Cutting the Gordian Knot


In 344 B.C., Alexander the Great launched an expedition to the east, and on his way, he dropped by the city of Phrygia. Gordius, the king of Phrygia, was a wide man, and gave Alexander a difficult problem which no one had been able to solve. There was a cart which was tied to one of the palace’s pillars with a piece of rope, and a legend promised if Alexander could undo it, all parts of Asia would be under his control. Nobody could have gotten the knot untied before since it was too intricate, but to everybody’s surprise, Alexander drew his sword and cut the knot with it. After that, as the legend promised him, he went on his expedition and conquered Asia.


Generally, this story is interpreted as it is; you can solve a difficult problem by bold, determined action, and this is the origin of an English expression: cut the Gordian knot. However, the mother of Erich Kastner, a German writer, had a different point of view. In one of Kastner’s essays, he wrote his mother used to say ropes were not to cut, but to use, and if there was a knot on it, you had to work on undoing it with patience. In these words, Kastner found another lesson of the Gordian knot. It might be much quicker and easier to settle a problematic situation if you use your power or even violence. Nevertheless, it is just a contemporary solution, and it does not get rid of the prime cause of the problem.

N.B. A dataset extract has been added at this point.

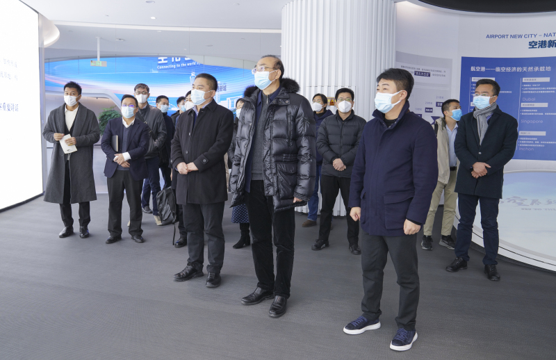 “空港这片区域是如何规划的?产业结构包括哪些?现阶段发展运营情况如何?”在空港新城临空经济展示中心,考察团结合沙盘展示和人员讲解,边看边听边问,详细了解空港新城“一核、双心、两环、五区”的区域规划和“港、产、城、人”的发展理念以及“临空、自贸、保税、口岸、跨境、航权”六大开放平台优势,重点听取了机场三期扩建工程及T5站前商务区的规划建设介绍。
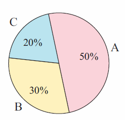 The pie chart represents the sales of three different types of soap powders, A, B and C.

The daring exploits of Alexander the Great have been told for hundreds of years, but only ten years after he cut the Gordian knot in Phrygia, he passed away, and the kingdom he built up in his bold, determined way simply fell into decline. Destruction cannot be a solution to any problem or conflict. If you cut a knot, what will become of the knot? It still remains, and what’s more, ropes which are cut up can never be connected without another knot. Violence and wars. Revenge and hatred. Come to think of it, many of the problems we have now might have come from Gordian knots we could not, or rather, did not undo.